Error Handling & Edge Cases
| Scenario | Detection | Response |
|---|---|---|
| Timeout in tranche loop | asyncio.TimeoutError around assignment_wrs | Log warning, proceed to sleep remainder |
Empty selection (assigned_wrs == []) | Length check | Skip announcement/judgment cycle |
| Stale block (slot < finalized.slot) | Slot comparison | Abort audit run early |
| Invalid framing (length mismatch) | is_valid == False | Raise networking error, close stream |
| Judgment epoch drift > 1 | Epoch comparison | Reject judgment & log error |
| Missing tranche for judgment | fetch_rep_tranche returns None | Log error; ignore judgment |
| Malicious mass negatives | High false_votes proportion | Escalate via increased m_n, potential dispute extrinsic |
Performance Considerations
- Network fan-out: CE 144 & CE 145 broadcast to all connected peers; potential optimization: partial gossip with redundancy threshold.
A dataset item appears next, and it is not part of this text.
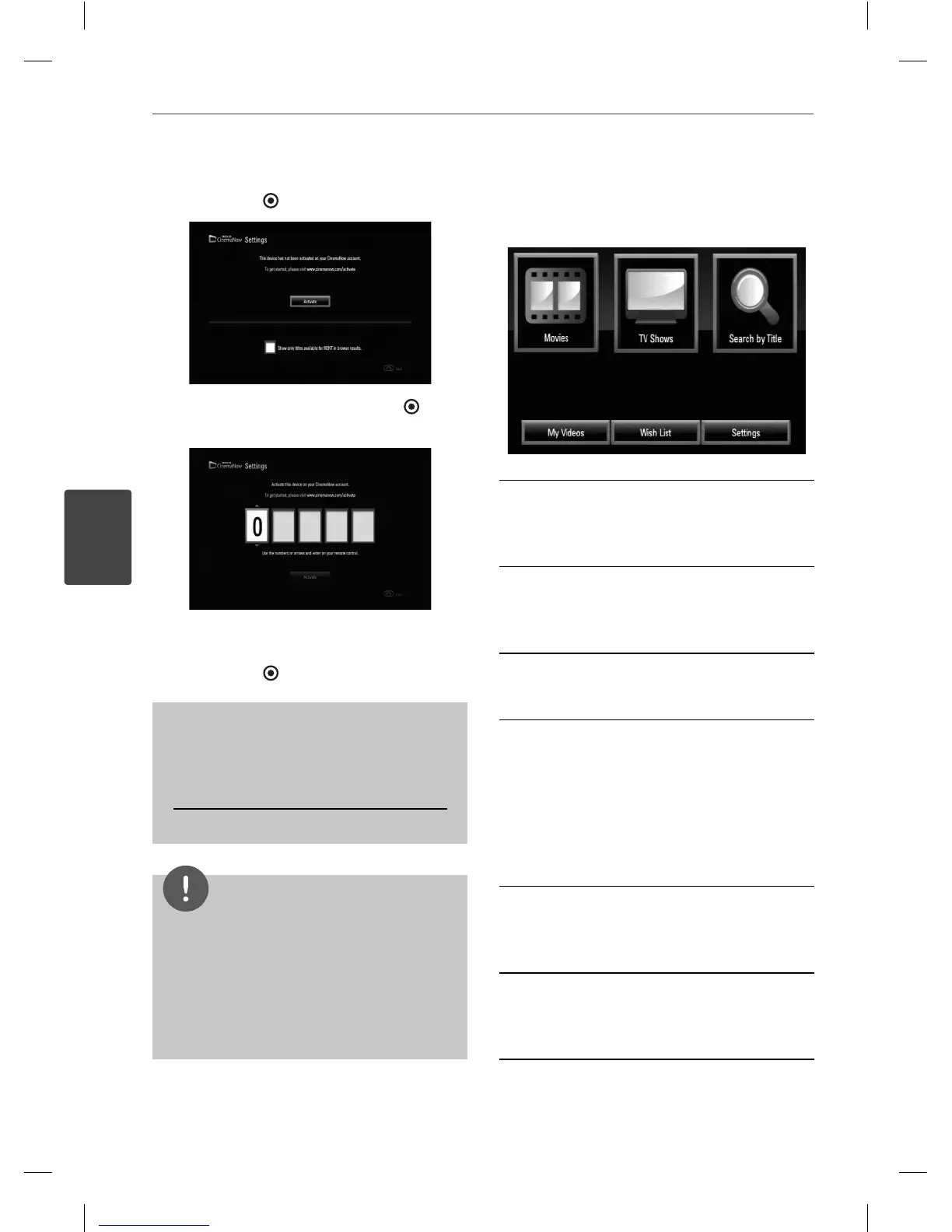 CinemaNow service on your player using

- VRF computations: O(R) per tranche where R is remaining unaudited reports; truncated by early satisfaction of audited condition.
- Storage growth: bounded by per-block, per-tranche lifetimes; aggressive pruning after audited conclusion avoids unbounded history.
- Concurrency:
asyncio.create_taskused for non-blocking transmissions & state updates; judgments processed sequentially per assignment list for deterministic ordering.
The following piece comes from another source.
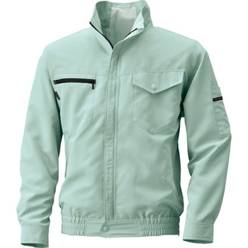 衿は風気路メッシュ、左袖ペン差し、左胸ポケットペン差し、右胸ファスナーポケット、左内側ボックスポケット、胸・両脇ポケットケーブルホール付き、ファン用リング(TPU)、袖口Wドットボタン

Mapping Spec Equations to Code
| Gray Paper Reference | Code Location | Description |
|---|---|---|
| Eq. 17.3 / 17.4 | Audit.auditable_reports | Build q from rho & newly available set |
| Eq. 17.5 / 17.6 | Audit.verifiable_random_selection | Initial tranche assignment & shuffle |
| Eq. 17.14 / 17.15 | Audit.vrf_tranche | Conditional assignment logic for later tranches |
| Tranche index derivation | Audit.tranche_index | Time to tranche mapping |
| Audited predicate U | Utils.block_audited | Determine block completion |
| Negative escalation | Auditor.negative_judgments | Re-refinement & propagation |
Security Properties Achieved
- Liveness: VRF-based escalation ensures eventual audit coverage despite inactivity.
- Integrity: Multi-signature (Ed25519 + VRF evidence) announcements prevent unilateral reassignment manipulation.
- Accountability: Persistent records of announcements & judgments enable dispute construction.
- Resilience: >2/3 positive override path prevents censorship via isolated false negatives.
Future Improvements (Potential)
- Adaptive tranche duration under high contention.
- Partial aggregation of judgments to reduce bandwidth (multisig/BLS).
- Incremental Merkle commitments for faster dispute proofs.
- Rate limiting for redundant negative re-broadcasts.
Summary
We couple assurance output directly into the audit pipeline, using slot-derived timestamps and fixed tranche periods to regulate scheduling. The auditable_reports function enforces core alignment and selects only freshly available work-reports, while the asynchronous audit engine tracks judgments, no-shows, and negatives contributing to finality prerequisites.
This document details the full lifecycle and implementation fidelity of Tessera's auditing and judgment process, mapping JAM Gray Paper Section 17 semantics directly to production Python code for clarity and maintainability.